Laminated alloy products have different properties in the lamination direction. That's why the yield strength uses to be measured in the transverse direction.

Even when warm-rolled: transformer cores have one better magnetic axis because of lamination orientation; manufacturers often desire this effect.

 

It can change the crystal lattice. That's common with austenitic stainless steel. When little nickel (17%Cr+7%Ni) leaves the austenite metastable, cold rolling transforms it partially to martensite, which helps hardening and also makes the alloy magnetic, as can be observed on stainless screws. Where much nickel (18%Cr+12%Ni) stabilizes the austenite, very little transforms to martensite and the alloy stays nonmagnetic - but it does harden though needing more deformation, so martensitic transformation is NOT the whole picture.

 

Almost any alloy hardens by cold rolling though keeping its lattice, for instance Al-Mg alloys, unalloyed copper...

 

Very few metals keep soft despite deep deformation. Gold is the best known and can be squeezed to ultra-thin foils; very pure (ppm) aluminium hardens little.

Some alloys are designed to harden during cold draw: the mentioned 17-7, the old X120Mn12, all alloys for stainless springs...
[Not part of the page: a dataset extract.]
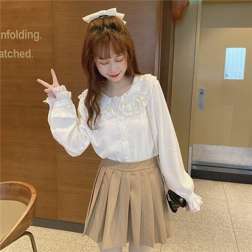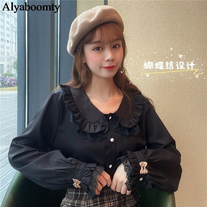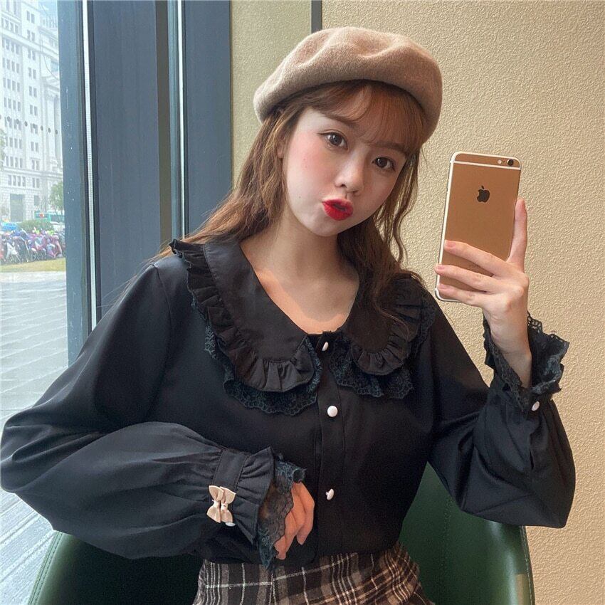 送料無料୨♥୧ スタイルスプリングオータムレディースブラウス カラーレースホワイトブラックリボンシャツ 大人ガーリー スウィート キュート カジュアル 春物 秋物 AOS28709471672

Cold draw can be followed by heat treatment, often a precipitation hardening, like in Cu-Be2, stainless spring... 10mn in a kitchen oven at 200°C improves both the strength AND the toughness of cold-rolled 17-7, which I suppose isn't precipitation hardening.

 

The effect is more important with polymers. Only fibre stretching at production makes polymer yarn, fabrics, ropes resistant. Here it's directly an effect of molecule elongation and orientation.